È vero che una sentenza della Corte di Giustizia Europea ha sancito nel maggio 2014 che ogni
cittadino ha il diritto di richiedere la rimozione dal motore di ricerca dei contenuti che lo riguardano,
ma c’è poco da fare: i tempi di reazione di un tribunale sono infinitamente più lenti di quelli di
internet, che diffonde milioni di materiali in un battito di ciglia. Puoi pure implorare di scomparire
ma non ce la farai mai a ottenere di essere del tutto cancellato, perché in definitiva ciò che riguarda
la tua persona semplicemente non ti appartiene e prima o poi tutto riemerge a furia di rimestare
nella grande pattumiera. Non possiedi il copyright della tua identità: senza saperlo – per distrazione,
per ignavia, per precipitazione – nel momento in cui hai accettato di far parte di un social network,
hai ceduto la tua identità a un ente superiore (o inferiore) che la gestirà autonomamente. Video,
messaggi, fotografie che hai «postato» (3– al neologismo) non ti appartengono più. Devi sapere
(prima di entrarci) che internet non ammette pentimenti: se in passato hai lasciato una traccia
fotografica di cui ora ti vergogni, è complicato tornare indietro. È nota la storia dell’imprenditore
spagnolo che aveva subìto un pignoramento (registrato su internet) e che, nonostante il «fattaccio»

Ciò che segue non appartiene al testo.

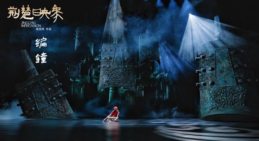 舞台剧《荆楚映象》在舞美布景、音乐编排等方面也给观众带来了视听双重盛宴。走进上海大剧院,舞台上矗立着的一扇青铜巨墙就让人眼前一亮,细看墙上满是青铜饕餮纹样的雕塑。杨丽萍解释道,曾侯乙编钟作为楚文化极具代表性的器物,是湖北省博物馆的镇馆之宝,在《荆楚映象》的舞台上,主创团队在传统编钟的基础上注入了现代化的动感元素。演出中,观众听到的编钟之声就来自曾侯乙编钟的原件,那是音乐总监谭盾1997年创作交响乐《天·地·人》时在湖北省博物馆录制的,2400多年前的古老声音穿越时空而来,实现了一场遥远的对话。

fosse ormai chiuso definitivamente da anni, non riusciva più a stabilire rapporti di lavoro perché il
web continuava a rovinargli la reputazione riportando a galla quel vecchio incidente giudiziario.
Ne La tentazione dell’oblio (un saggio-pamphlet uscito da Franco Angeli, 5–), l’ingegnere elettronico
Andrea Barchiesi, esperto nel ripulire la reputazione online, spiega come tutelare la propria
riservatezza nel web. La «stretta di mano digitale», avverte, è un gesto pressoché inevitabile che
rischia di vincolarti per sempre. Il fatto è che sopravvivono, senza selezione, tutti i rottami, i detriti
inquinanti, le scorie infette… Se lo dice lui, c’è da crederci. Dunque, bisognerebbe utilizzare i social
network con cautela, il che assomiglia tanto a una figura retorica classica, l’«adynaton», che segnala
un’impossibilità del tipo «arare il mare» o il biblico passaggio del cammello nella cruna di un ago…

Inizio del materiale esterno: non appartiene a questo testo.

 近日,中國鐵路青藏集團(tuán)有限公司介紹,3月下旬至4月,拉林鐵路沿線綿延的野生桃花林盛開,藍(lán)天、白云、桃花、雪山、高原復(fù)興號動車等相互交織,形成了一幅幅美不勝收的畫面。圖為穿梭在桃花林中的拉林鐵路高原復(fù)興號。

Se Lapo Elkann (1+ alla simpatia) pensa davvero, come ha annunciato qualche giorno fa, di ritirarsi
a vita privata dopo avere scelto una sguaiata sovraesposizione per terra, per mare e per cyberspazio,
si sbaglia di grosso: «Da oggi – ha scritto ai suoi affezionati “seguaci” (513 mila su Instagram, 350
mila su Facebook) – la mia vita sarà offline». Minacciando subito, però: «Non è un addio ma un
arrivederci». Anche lui conosce l’adynaton? Non è escluso. Tempo fa il politico Maurizio Gasparri, su
Twitter, si è lasciato sfuggire un passato remoto alquanto inusuale («chiesimo», voce del verbo
chiedere): ebbene, di fronte allo scandalo dei puristi e allo scherno di tanti «followers», il senatore
ha prontamente (ed elegantemente) scaricato la responsabilità dello strafalcione sullo staff che gli
gestisce i social ed è andato avanti tranquillamente.
C’è chi non è sfiorato dalla tentazione dell’oblio, al punto da pagare uno «staff» per alimentare di sé,
a futura memoria, la grande pattumiera universale. Memorabili e felici anche nel fango.